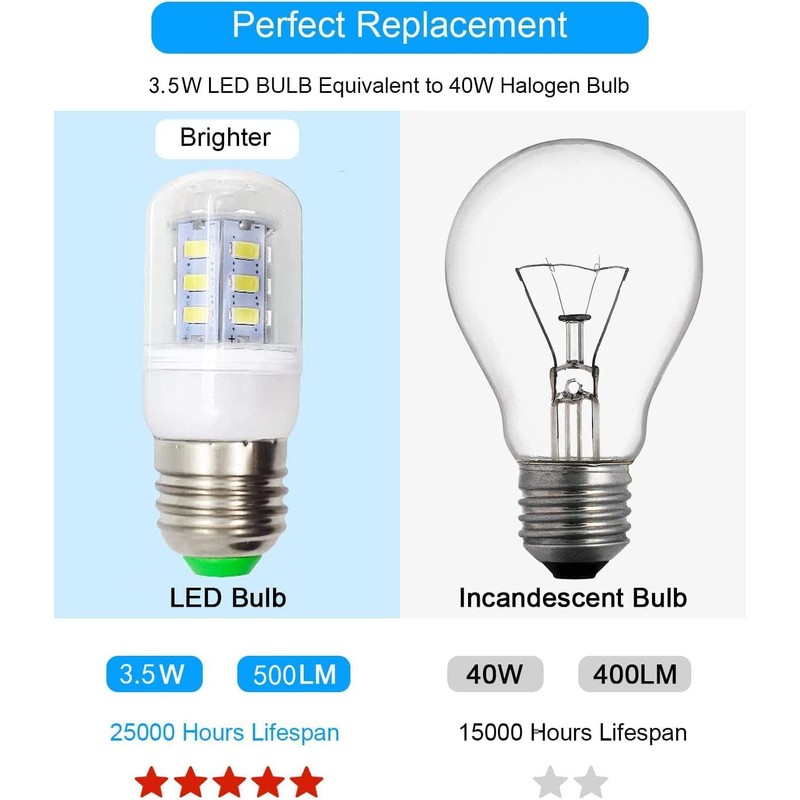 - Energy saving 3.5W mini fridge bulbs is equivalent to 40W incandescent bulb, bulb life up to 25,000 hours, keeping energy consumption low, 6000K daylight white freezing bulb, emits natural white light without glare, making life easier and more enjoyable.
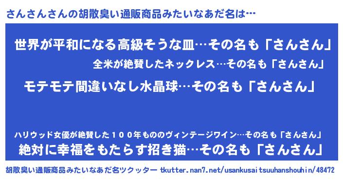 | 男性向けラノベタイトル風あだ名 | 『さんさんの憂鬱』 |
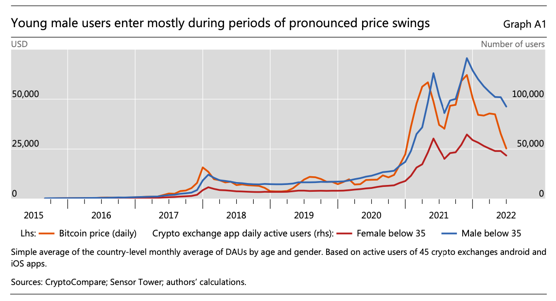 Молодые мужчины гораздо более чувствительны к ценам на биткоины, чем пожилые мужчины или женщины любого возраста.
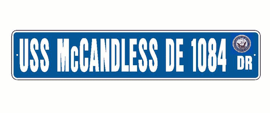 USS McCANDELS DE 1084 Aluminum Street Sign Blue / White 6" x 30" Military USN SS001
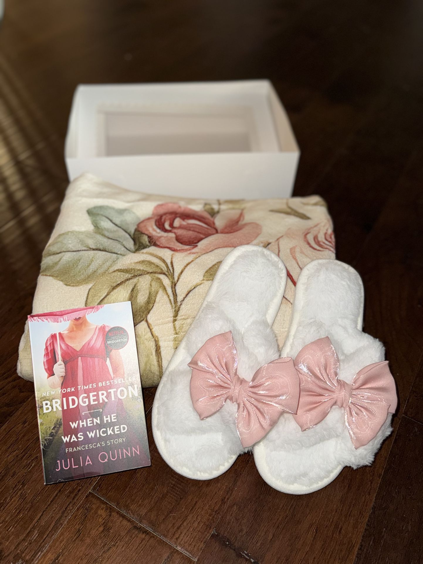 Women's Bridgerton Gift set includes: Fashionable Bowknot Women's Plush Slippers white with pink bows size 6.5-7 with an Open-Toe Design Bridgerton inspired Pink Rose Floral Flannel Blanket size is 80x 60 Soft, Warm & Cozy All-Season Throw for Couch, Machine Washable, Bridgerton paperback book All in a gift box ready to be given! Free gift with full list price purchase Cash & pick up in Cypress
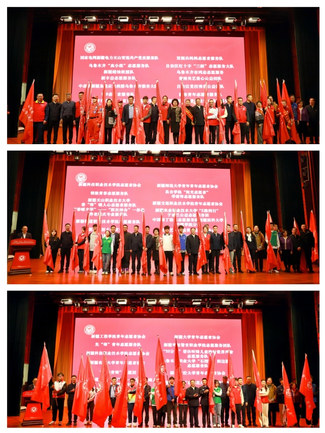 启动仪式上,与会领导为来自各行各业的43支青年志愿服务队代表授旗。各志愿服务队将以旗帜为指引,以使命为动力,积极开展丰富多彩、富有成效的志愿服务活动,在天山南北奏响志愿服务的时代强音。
::::::::
**EXERCISE**
Pictures are to be omitted from the copy. Reproduce exactly, and only, the lines from the one containing "Women's Bridgerton Gift" to the end of the listing above.

**RESPONSE TO THIS EXERCISE**
 Women's Bridgerton Gift set includes: Fashionable Bowknot Women's Plush Slippers white with pink bows size 6.5-7 with an Open-Toe Design Bridgerton inspired Pink Rose Floral Flannel Blanket size is 80x 60 Soft, Warm & Cozy All-Season Throw for Couch, Machine Washable, Bridgerton paperback book All in a gift box ready to be given! Free gift with full list price purchase Cash & pick up in Cypress
 启动仪式上,与会领导为来自各行各业的43支青年志愿服务队代表授旗。各志愿服务队将以旗帜为指引,以使命为动力,积极开展丰富多彩、富有成效的志愿服务活动,在天山南北奏响志愿服务的时代强音。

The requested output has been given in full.